CMOS-compatible qubit fabrication: application to flux-tunable transmons and Josephson quantum filters

CMOS-compatible fabrication of superconducting qubits with industrial processes promises to enhance precision and uniformity, addressing current scalability bottlenecks. In particular, a homogeneous, high-yield fabrication process on large wafers allows fabricating a high number of uniform qubit chips/chiplets at once. This enhances scalability and enables foundry services for research groups and start-ups. Here, we apply the CMOS-compatible fabrication process on 200 mm wafers developed at Fraunhofer EMFT to flux-tunable qubits and to Josephson quantum filters (JQF). We fabricated four different chip designs on the same wafer, including two designs with JQF at the drive line.

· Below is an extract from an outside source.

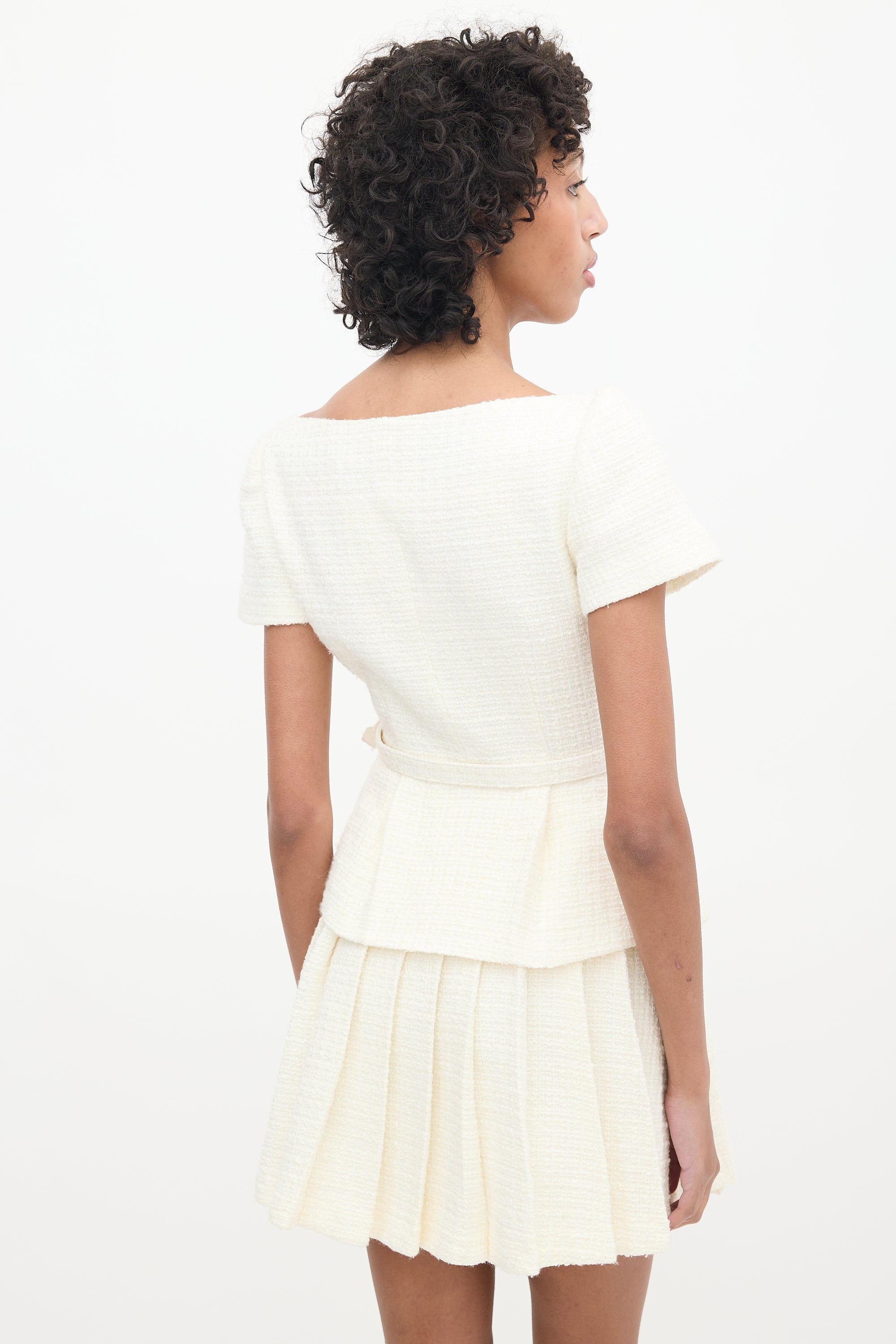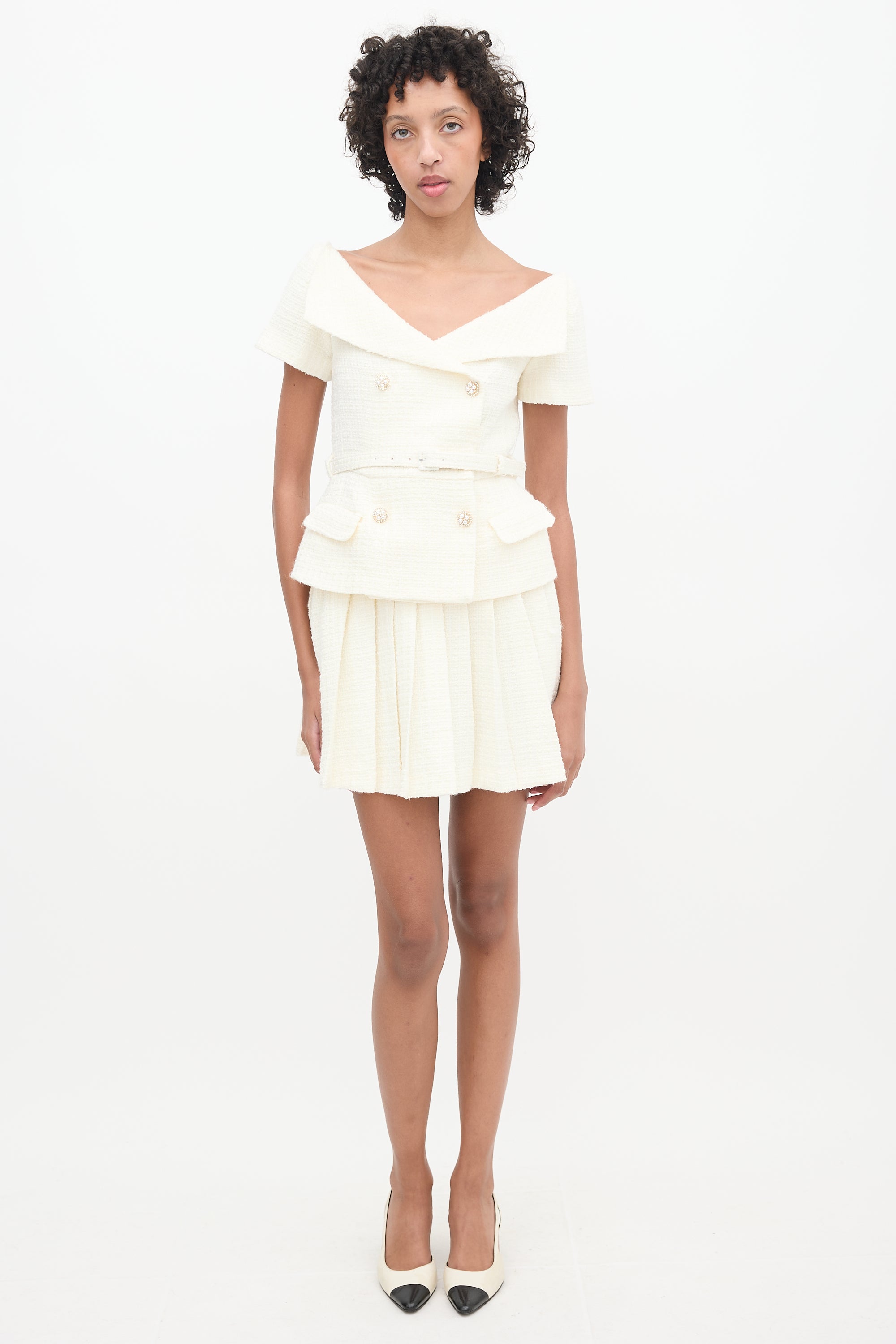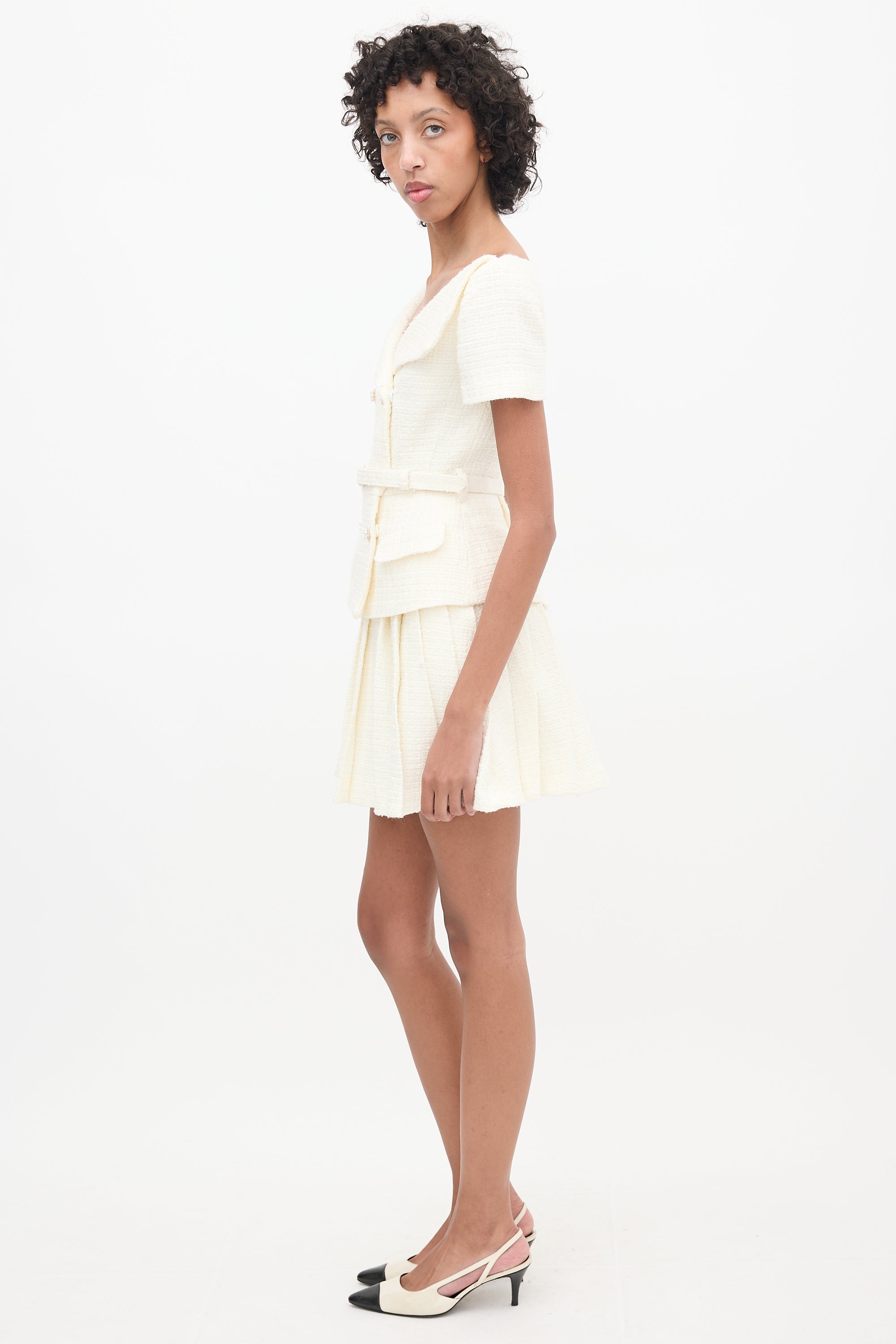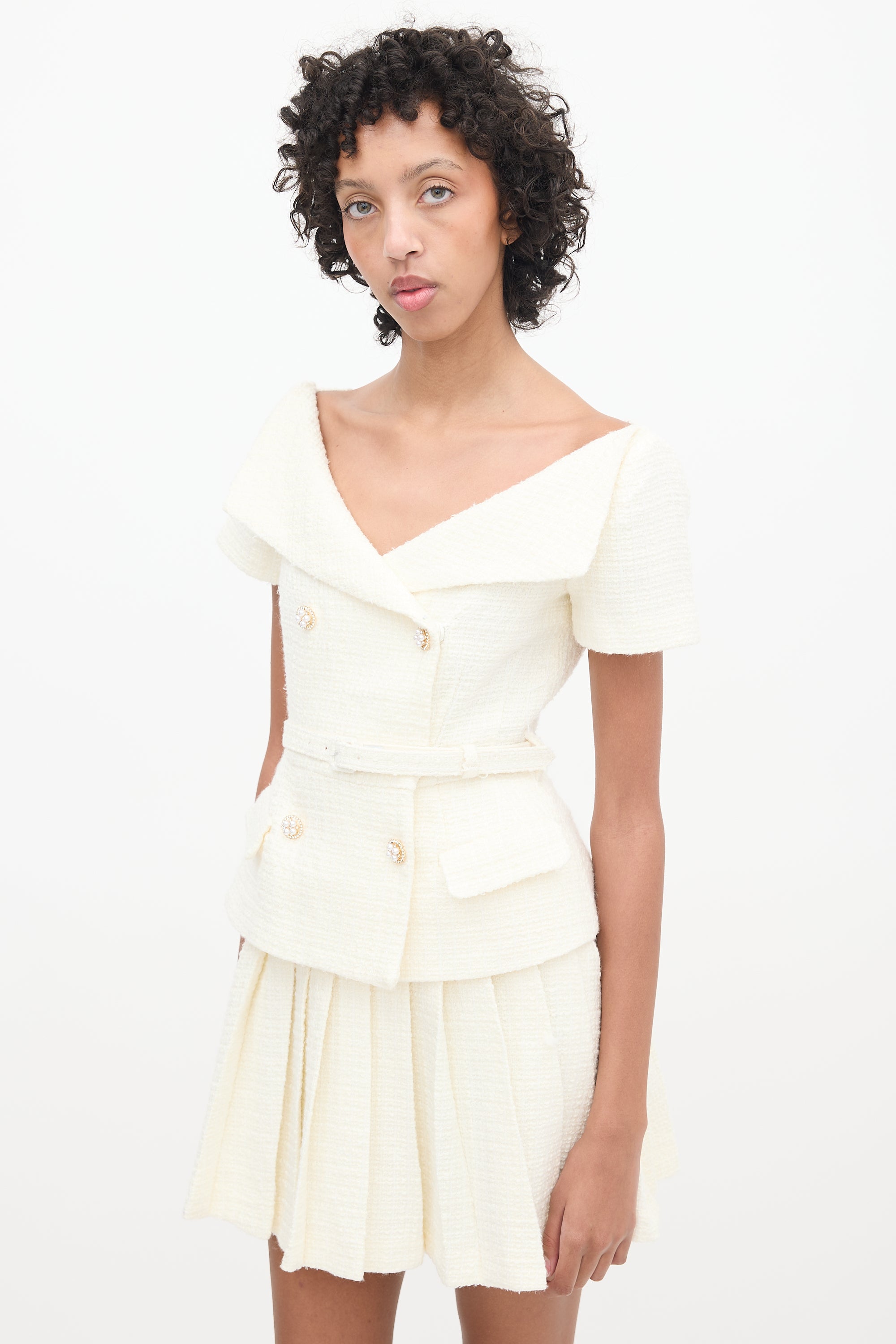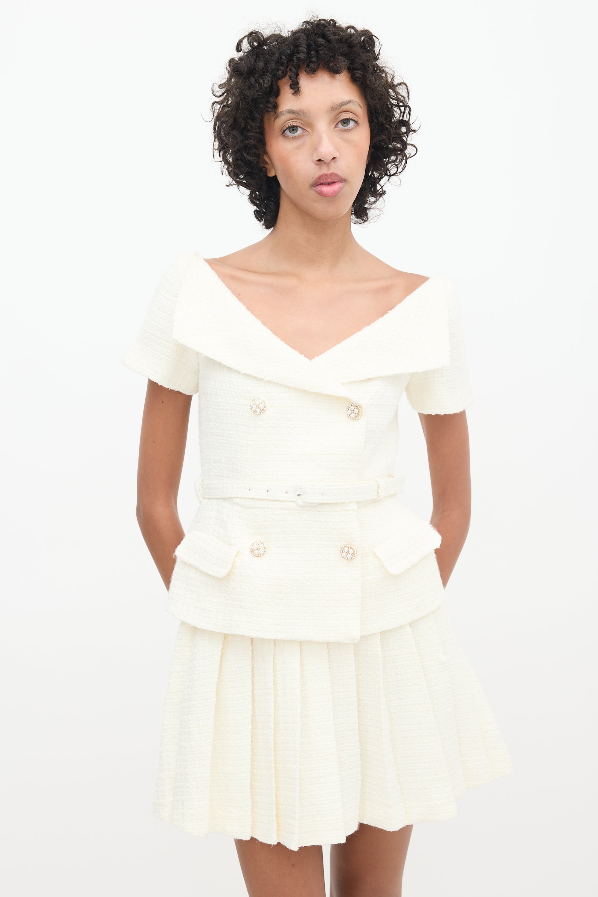 Pre-owned Self-Portrait white tweed midi dress featuring a V-neck open collar, short sleeves, two flap pockets at hip, pleated skirt, adjustable belt at waist, double breasted jewel encrusted button detail at front, and zip closure at side. Lined.

We systematically compare fixed-frequency with flux-tunable transmons, and transmons with and without a drive line. With this comparison and by tuning the JQF frequency, we disentangle the contribution of the drive line to the T1 relaxation of the qubits and estimate the JQF efficiency. Our studies provide insights into the delicate balance between coupling strength and T1 relaxation and the effectiveness of JQF as a mitigation strategy. In addition, the results demonstrate that our subtractive, CMOS-compatible fabrication method can be applied to fabricate tunable QPU elements with high yield and precision.